Task Ecologies and the Evolution of World-Tracking Representations in Large Language Models

We study language models as evolving model organisms and ask when autoregressive next-token learning selects for world-tracking representations. For any encoding of latent world states, the Bayes-optimal next-token cross-entropy decomposes into the irreducible conditional entropy plus a Jensen--Shannon excess term. That excess vanishes if and only if the encoding preserves the training ecology's equivalence classes. This yields a precise notion of ecological veridicality for language models and identifies the minimum-complexity zero-excess solution as the quotient partition by training equivalence. We then determine when this fixed-encoding analysis applies to transformer families: frozen dense and frozen Mixture-of-Experts transformers satisfy it, in-context learning does not enlarge the model's separation set, and per-task adaptation breaks the premise. The framework predicts two characteristic failure modes: simplicity pressure preferentially removes low-gain distinctions, and training-optimal models can still incur positive excess on deployment ecologies that refine the training ecology. A conditional dynamic extension shows how inter-model selection and post-training can recover such gap distinctions under explicit heredity, variation, and selection assumptions. Exact finite-ecology checks and controlled microgpt experiments validate the static decomposition, split-merge threshold, off-ecology failure pattern, and two-ecology rescue mechanism in a regime where the relevant quantities are directly observable. The goal is not to model frontier systems at scale, but to use small language models as laboratory organisms for theory about representational selection.

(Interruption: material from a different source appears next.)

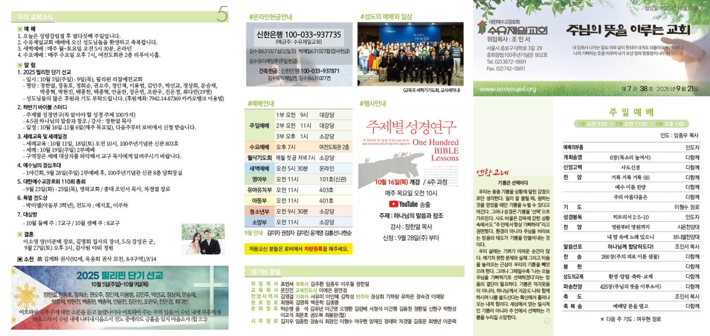 9월 21일 주보 페이지 정보 작성자 임종우목사 댓글 0건 조회 744회 작성일 25-09-19 14:49 목록 본문 9월 21일 주보 이전글9월 28일 주보 25.09.26 다음글2025년 9월 14일 주보 25.09.12 댓글 0 댓글목록 등록된 댓글이 없습니다.

翻译：我们将语言模型视为演化中的模式生物，探究自回归下一词元学习何时选择世界追踪表征。对于任意潜在世界状态的编码，贝叶斯最优下一词元交叉熵可分解为不可约条件熵与詹森-香农过剩项之和。当且仅当该编码保留训练生态系统的等价类时，该过剩项为零。这给出了语言模型生态真实性的精确概念，并将最小复杂度零过剩解识别为训练等价性的商划分。进而我们判定这种固定编码分析何时适用于Transformer家族：冻结密集型和冻结混合专家型Transformer满足该分析，上下文学习不会扩大模型的分离集，而任务自适应破坏了前提。该框架预测了两种典型失败模式：简洁性压力优先移除低增益区分，而训练最优模型在精炼训练生态系统的部署生态系统上仍可能产生正过剩。基于条件动态扩展揭示了在明确的遗传、变异与选择假设下，跨模型选择与训练后如何恢复此种鸿沟区分。精确有限生态系统校验与受控微型gpt实验验证了相关量可直接观测场景下的静态分解、分裂-合并阈值、跨生态系统失败模式及双生态系统拯救机制。本研究目标并非大规模建模前沿系统，而是将小语言模型作为表征选择理论的实验室生物。